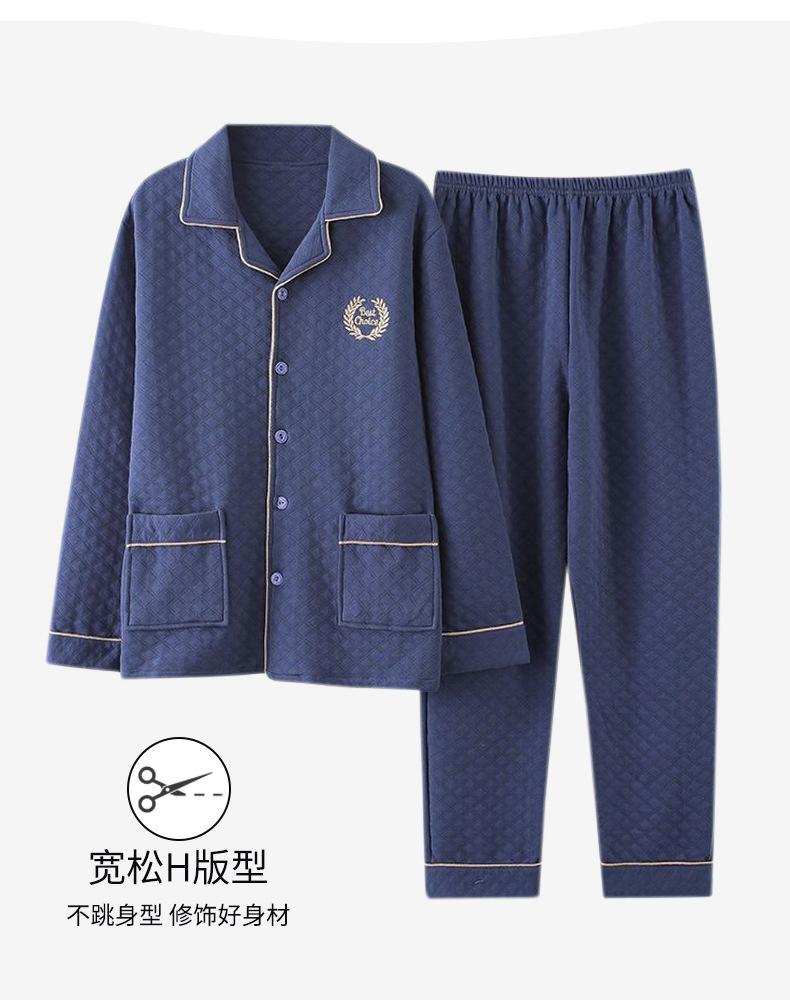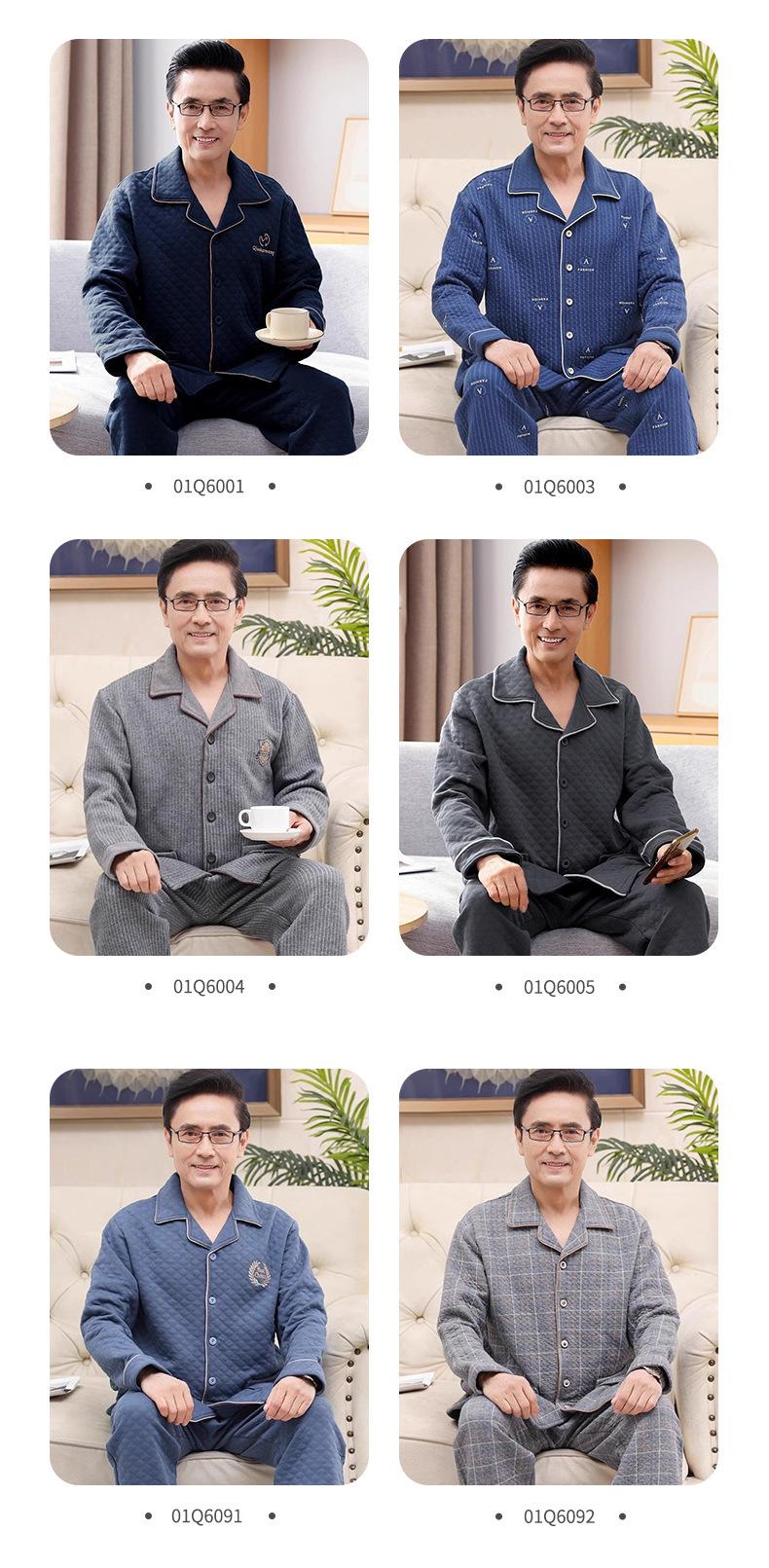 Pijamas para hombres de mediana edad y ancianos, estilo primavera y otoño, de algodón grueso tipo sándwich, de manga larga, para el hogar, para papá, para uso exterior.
...
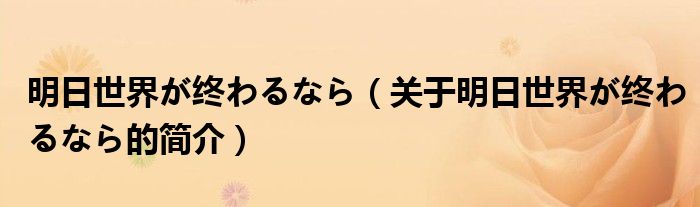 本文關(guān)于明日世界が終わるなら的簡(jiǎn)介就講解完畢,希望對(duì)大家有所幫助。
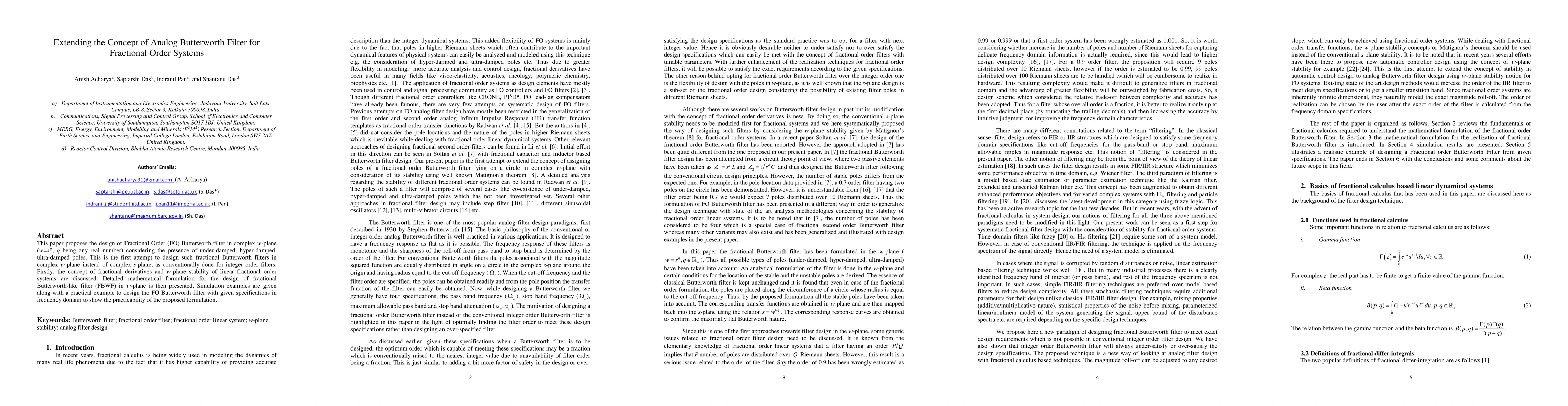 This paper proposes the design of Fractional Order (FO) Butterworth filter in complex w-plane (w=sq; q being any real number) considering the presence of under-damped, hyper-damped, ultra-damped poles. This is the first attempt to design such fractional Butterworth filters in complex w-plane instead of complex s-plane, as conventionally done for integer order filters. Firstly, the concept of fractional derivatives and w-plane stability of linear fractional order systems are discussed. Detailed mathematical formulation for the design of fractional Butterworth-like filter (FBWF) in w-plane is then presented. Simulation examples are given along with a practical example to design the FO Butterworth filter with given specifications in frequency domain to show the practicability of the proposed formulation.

* [Exercise brief]: Output exactly, and only, the lines of the entries above from the one with "本文關(guān)于明日世界" up to and including the one with "This paper proposes"; pictures are to be left out.

* [Expected answer]:
 本文關(guān)于明日世界が終わるなら的簡(jiǎn)介就講解完畢,希望對(duì)大家有所幫助。
 This paper proposes the design of Fractional Order (FO) Butterworth filter in complex w-plane (w=sq; q being any real number) considering the presence of under-damped, hyper-damped, ultra-damped poles. This is the first attempt to design such fractional Butterworth filters in complex w-plane instead of complex s-plane, as conventionally done for integer order filters. Firstly, the concept of fractional derivatives and w-plane stability of linear fractional order systems are discussed. Detailed mathematical formulation for the design of fractional Butterworth-like filter (FBWF) in w-plane is then presented. Simulation examples are given along with a practical example to design the FO Butterworth filter with given specifications in frequency domain to show the practicability of the proposed formulation.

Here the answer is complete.